For foundational techniques (zero-shot, few-shot, chain-of-thought, constrained output), start with 17 Prompt Engineering Techniques.

What is Advanced Prompt Engineering

Advanced prompt engineering goes beyond single-prompt interactions. It is the discipline of composing prompts into multi-step workflows, giving models access to external tools, and designing systems that are reliable across thousands of requests.

Where basic prompting focuses on a single input/output pair, advanced prompting treats the LLM as a component in a pipeline. Each prompt has defined inputs, outputs, and contracts with the steps around it. You can test each step independently, version each prompt separately, and trace failures to specific nodes.

The result is a system that degrades gracefully, catches its own errors, and handles inputs that were not in your test set.

Why Advanced Prompt Engineering Matters for Developers

Most real-world AI tasks are too complex for a single prompt. A user asks a question that requires searching a database, running a calculation, and summarizing a document. That is three operations — and each benefits from its own focused prompt.

Advanced techniques let you build AI systems that:

Handle tasks too complex for one prompt
Catch and correct their own errors before returning a response
Use external tools (search, code execution, APIs, databases)
Maintain consistent quality across varied inputs
Degrade gracefully when inputs are ambiguous or malformed
Route different input types to specialized handling paths

For developers building AI features into products, these patterns are the bridge between a demo that works once and a feature that works every time.

9 Advanced Prompt Engineering Techniques

Technique 18: ReAct Prompting

Interleave Thought → Action → Observation cycles. The model reasons about what to do, calls a tool, observes the result, then reasons again. This pattern is the backbone of every production AI agent.

plaintext

Thought: I need to find the current population of Tokyo.
Action: search("Tokyo population 2026")
Observation: Tokyo's population is approximately 13.96 million (2026 estimate).
Thought: I now have the data needed to answer.
Final Answer: Tokyo has approximately 13.96 million residents as of 2026.

ReAct works with any LLM API — agent frameworks like LangChain handle the tool-calling loop for you, but the underlying pattern is model-agnostic. See the full implementation below.

Technique 19: Plan-and-Solve

Ask the model to write a plan first, then execute it step by step. This separates planning from execution, dramatically reducing errors on complex multi-step tasks.

plaintext

System: First write a numbered plan for how to solve this problem.
        Then execute each step of the plan in order.

User: Analyze this dataset and produce a quarterly revenue summary
      with trend analysis and anomalies flagged.

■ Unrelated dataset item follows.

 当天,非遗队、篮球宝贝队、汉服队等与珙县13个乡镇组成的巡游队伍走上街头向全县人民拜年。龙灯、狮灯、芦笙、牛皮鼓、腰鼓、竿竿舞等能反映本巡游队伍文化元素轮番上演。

The model produces a plan like "1. Parse columns, 2. Aggregate by quarter, 3. Calculate QoQ growth, 4. Flag >20% deviations" before executing. This works better than one-shot because the planning phase forces the model to identify steps it might otherwise skip.

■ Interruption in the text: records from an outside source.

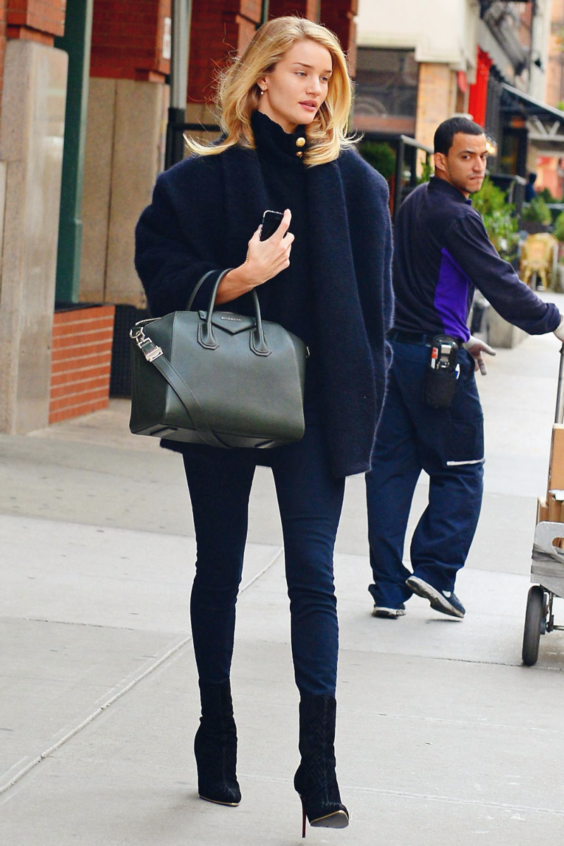 Rosie has become a style icon for all kinds of women—university students who neither want to, nor have the time to think too much about an outfit every morning, and who simply mix and match versatile separates with accessories; gym-goers who know that all-black Nike gear must be matched with a leather tote and sunglasses; working women, whom Rosie taught that a tousled blowout and a double-breasted piqué blazer can make all the difference; and lastly, the ones who need a day-to-night ensemble to seamlessly fit a day of meetings and errands with dinners and parties, for whom leather pants, stilettos and a blazer are the to-go pieces. —Victoria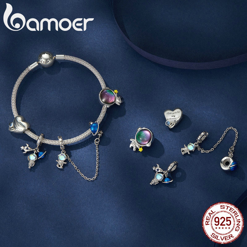 Bamoer 925 Astronauta De Prata Esterlina Pendurado Com Contas Encantos Em Forma De Coração Para Mulheres Pulseira E Colar Bijuteria Fina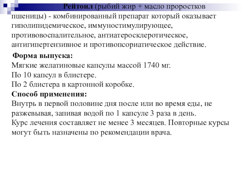 Рейтоил (рыбий жир + масло проростков пшеницы) - комбинированный препарат который оказывает гиполипидемическое, иммуностимулирующее, противовоспалительное, антиатеросклеротическое, антигипертензивное и противопсориатическое действие.

Technique 20: Scratchpad Prompting

Give the model an explicit working area to think before committing to an answer.

plaintext

Use a <scratchpad> section for your working and reasoning.
Then provide your final answer in <answer> tags.
Do not include the scratchpad content in the final answer.

Question: {user_question}

Scratchpad keeps intermediate reasoning visible and separate from the response. It is useful for debugging — you can inspect the scratchpad to see exactly where the model went wrong without exposing the reasoning noise to end users.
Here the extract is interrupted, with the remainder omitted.